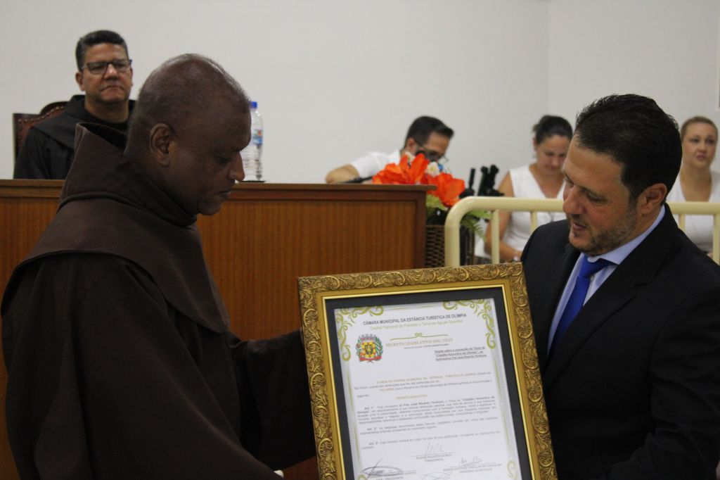 A entrega do título a Frei José Ricardo incluiu atos conduzidos pelo presidente Flávio Olmos e pelo prefeito Geninho Zuliani. A cerimônia de “lava-mãos” simbolizou acolhimento. O sacerdote também recebeu toalha em linho, terra do município em frasco com trançado estrela — arte típica local — e a bandeira de Olímpia. O decreto legislativo nº 696/2025 foi lido pelo cerimonialista Rogério.
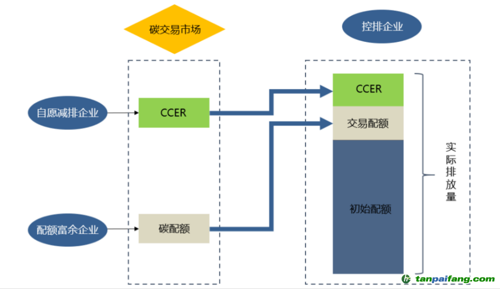 上述這兩種交易行為統(tǒng)稱為CCER交易,也可以理解為通過碳交易市場(chǎng),協(xié)調(diào)高碳排企業(yè)及低碳排企業(yè)閑置二氧化碳排放量配額。在這一機(jī)制下,可以促進(jìn)企業(yè)進(jìn)行技術(shù)環(huán)保升級(jí)來減少碳排放量,從而達(dá)到節(jié)能減排的效果,或者通過高碳排企業(yè)購買碳排放配額實(shí)現(xiàn)二氧化碳減排目的。
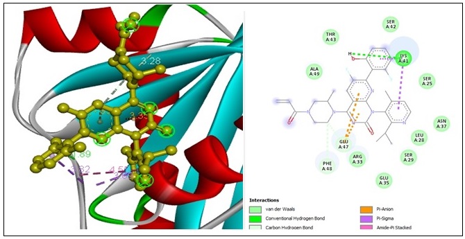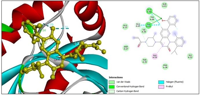 Due to their crucial roles in cancer, ERK2 and RAS kinase signaling proteins are positioned as promising targets for effective cancer treatment therapies. Several trials have been carried out to identify ERK2 inhibitors, such as Ulixertinib [45], Temuterkib [46] and MK-8353 [47]. Furthermore, various initiatives were undertaken to identify an agent that can target the RAS kinase protein. Such as Sotorasib [48], Adagrasib [49] and GDC-6036 [50].
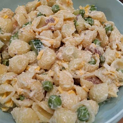 Pea Pasta salad recipe with bacon and Ranch Seasoning. A simple potluck salad, this pea and mini shells pasta is the creamiest side salad EVER! Not just covered in mayo, the tangy spices of ranch combined with the bursting flavors of bacon and cheese make this a pasta salad perfect for a BBQ. Peas and pasta are a classic and often referred to, old fashioned side dish that goes amazing with summer time BBQs and potlucks. An easy, flavorful and fun side, this colorful pea pasta salad includes the perfect pea, mini pasta shells, bacon, cheese and creamy homemade dressing. Sure to be one of your favorite spring and summer dishes of all time, this perfect pairing of filling pasta and fresh peas is incredibly delightful. Plus, pea pasta salad also makes delicious left overs for lunch the next day! Make this side dish a day ahead or the day of, as long as its served cold, this Southern Spring salad will be gone in an instant!
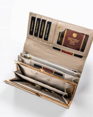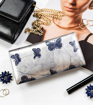 Šis elegantais un ietilpīgais sieviešu maks, kas izgatavots no īstas ādas, ir lieliska izvēle tiem, kas novērtē kvalitāti un funkcionalitāti. Sudraba krāsa piešķir modernitāti un stilu, un lielais izmērs nodrošina, ka viss nepieciešamais ir pa rokai.
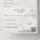 Profitez du charme rustique et de l'élégance intemporelle de votre prochain mariage avec cette faire-part de mariage tout-en-un de marguerite de campagne exquise. Cette invitation soigneusement conçue allie commodité et un design simple aquarelle de campagne marguerite pour créer une première impression inoubliable pour vos invités. Les invitations de mariage tout-en-un sont à la fois belles et pratiques en combinant le faire-part de mariage avec une carte postale RSVP perforée facile à enlever. Ils sont aussi rapides et faciles à préparer pour l'envoi. Adressez-vous simplement à l'invitation, pliez le rabat arrière et scellez avec les autocollants clairs inclus. Une fois que vos invités reçoivent l'invitation préadressée, ils arrachent simplement la carte perforée RSVP et la déposez dans le courrier. L'ajout du code QR permet à vos invités d'accéder facilement à votre site mariage pour obtenir des informations, notamment les détails de la réception et les choix de dîner !
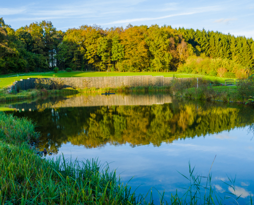 Stehen gerade keine Flüsse oder Seen zur Verfügung, bedarf es zur Beregnung einer Golfanlage künstlicher Lösungen. Zum Beispiel einen Beregnungsteich.
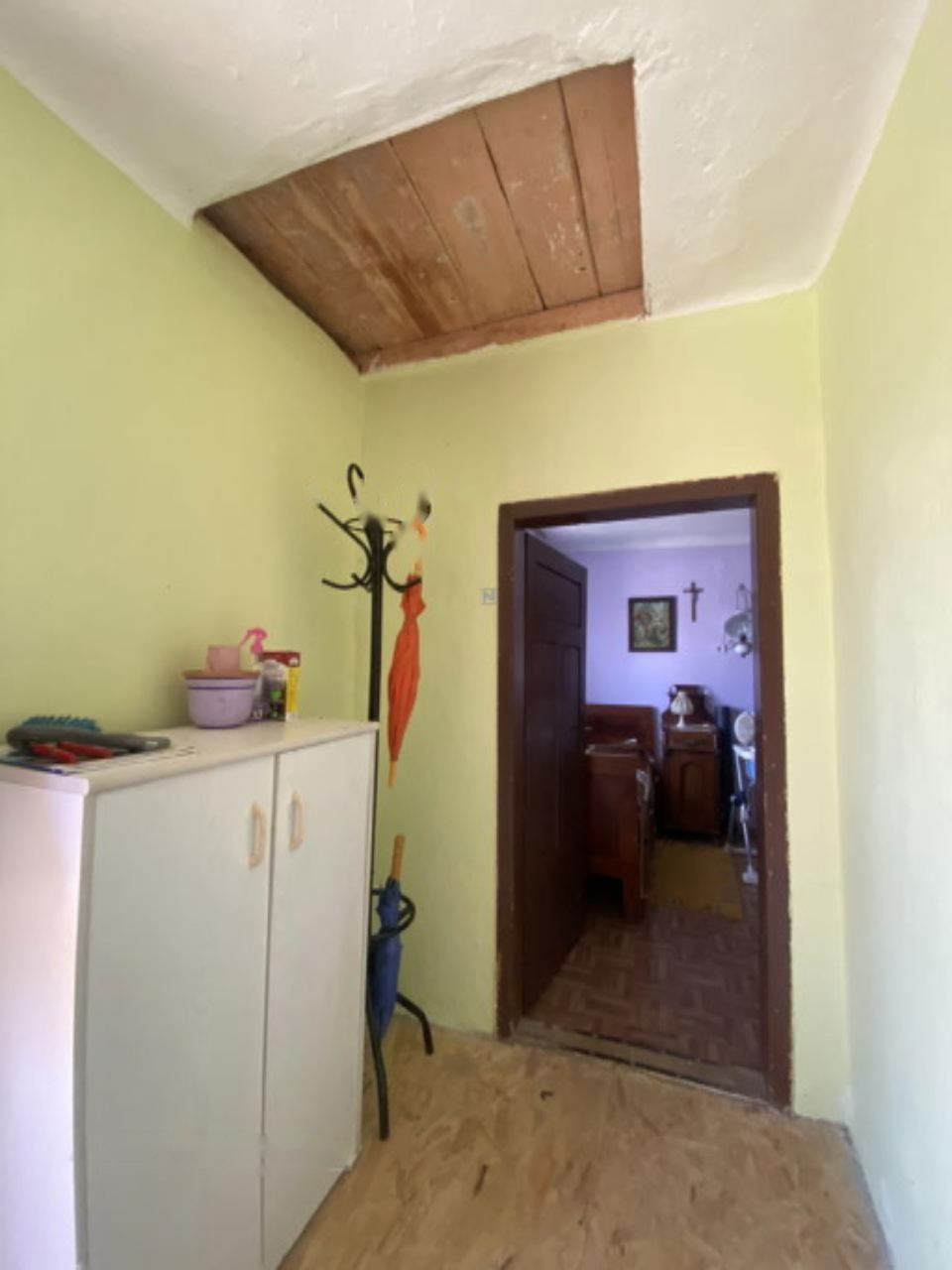 При входе вы попадете в прихожую, ведущую в комфортабельную комнату для отдыха, оснащенную печью. Центральное место в доме занимает просторная кухня с дровяной печью, создающая уютную атмосферу и в современной жизни. Кухня соединена с ванной комнатой и кладовой для хранения продуктов. Для сохранения тепла по полу проложены деревянные доски и теплый пол. Электричество и водоснабжение организованы через накопитель дождевой воды, а вдоль дороги проложена линия городского водопровода. Отопление обеспечивается дровяной печью и печью в комнате. В 2014 году установлена новая металлическая крыша, а окна обновлены два года назад, за исключением деревянного окна в кухне.
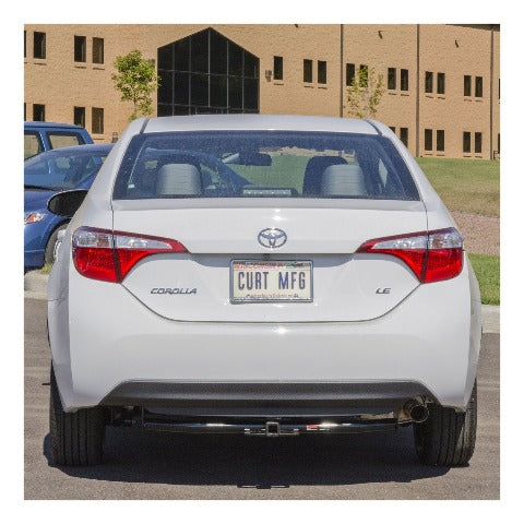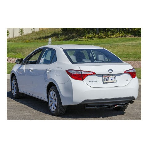 Connect to your lifestyle with a custom hitch receiver from CURT. All of our custom hitches are designed for a vehicle-specific fit, manufactured with pride, finished for industry-leading rust resistance and tested to rigorous SAE J684 standards for safety. This class 1 trailer hitch and ball mount combination is designed for a custom fit on select years of the Toyota Corolla (see application info to verify fitment). The hitch integrates with the vehicle's frame and provides a useful and dependable 1-1/4 x 1-1/4 receiver. The receiver is perfect for attaching the included ball mount and towing a small trailer, or for adding cargo space with a hitch-mounted cargo carrier, bike rack or other accessory. This particular class 1 hitch is rated for 2,000 pounds gross trailer weight and 200 pounds tongue weight (never exceed the lowest-rated towing component). The ball mount included with this trailer hitch quickly and easily installs into the hitch receiver and has a 3/4 trailer ball hole (trailer ball not included). It can be mounted in the rise or drop position to promote level towing. Like all CURT custom hitches, this class 1 hitch is protected with our co-cured finishing process. It is descaled for a smooth surface, immersed in liquid A-coat for rust resistance inside and out, covered with a durable black powder coat and finally co-cured for an industry-leading rust, chip and UV-resistant shield. No matter where you're headed or which season of the year you're towing in, this CURT hitch is equipped for long-lasting resilience to the elements. It features an open-back receiver for easy cleaning, and it comes with all the hardware necessary for the installation.
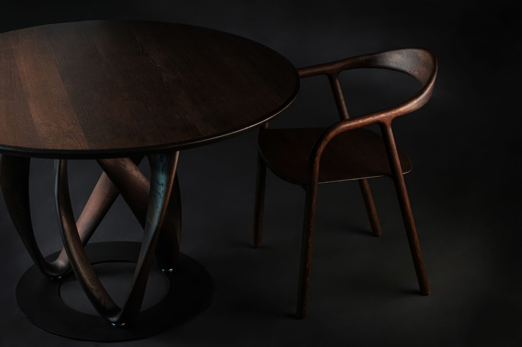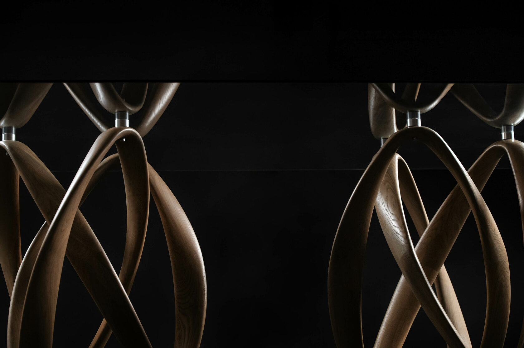 Glass top over a stunningly designed oak base. Two pairs of sculpture-style solid oak rims hold the clear glass up, creating the perfect statement piece while the stainless steel base ensures stability. Each detail on this dining table is perfectly designed for your home.
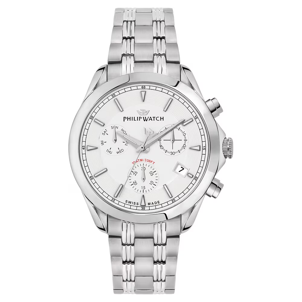 Orologio da uomo in Acciaio, Misura cassa: 41.00mm, Spessore cassa: 11.30mm,Vetro minerale,Chiusura Fibbia a farfalla, Movimento: Quarzo, Swiss made Water resistant: 10 atm, Garanzia: Ufficiale 2 anni Philip Watch, Confezione: Originale Philip Watch

★ ★ ★

BRIEF ▸ Up to and including the line containing "Due to their", repeat every line from the start of the data, but none of the pictures.

ANSWER BOX ▸
 A entrega do título a Frei José Ricardo incluiu atos conduzidos pelo presidente Flávio Olmos e pelo prefeito Geninho Zuliani. A cerimônia de “lava-mãos” simbolizou acolhimento. O sacerdote também recebeu toalha em linho, terra do município em frasco com trançado estrela — arte típica local — e a bandeira de Olímpia. O decreto legislativo nº 696/2025 foi lido pelo cerimonialista Rogério.
 上述這兩種交易行為統(tǒng)稱為CCER交易,也可以理解為通過碳交易市場(chǎng),協(xié)調(diào)高碳排企業(yè)及低碳排企業(yè)閑置二氧化碳排放量配額。在這一機(jī)制下,可以促進(jìn)企業(yè)進(jìn)行技術(shù)環(huán)保升級(jí)來減少碳排放量,從而達(dá)到節(jié)能減排的效果,或者通過高碳排企業(yè)購買碳排放配額實(shí)現(xiàn)二氧化碳減排目的。
 Due to their crucial roles in cancer, ERK2 and RAS kinase signaling proteins are positioned as promising targets for effective cancer treatment therapies. Several trials have been carried out to identify ERK2 inhibitors, such as Ulixertinib [45], Temuterkib [46] and MK-8353 [47]. Furthermore, various initiatives were undertaken to identify an agent that can target the RAS kinase protein. Such as Sotorasib [48], Adagrasib [49] and GDC-6036 [50].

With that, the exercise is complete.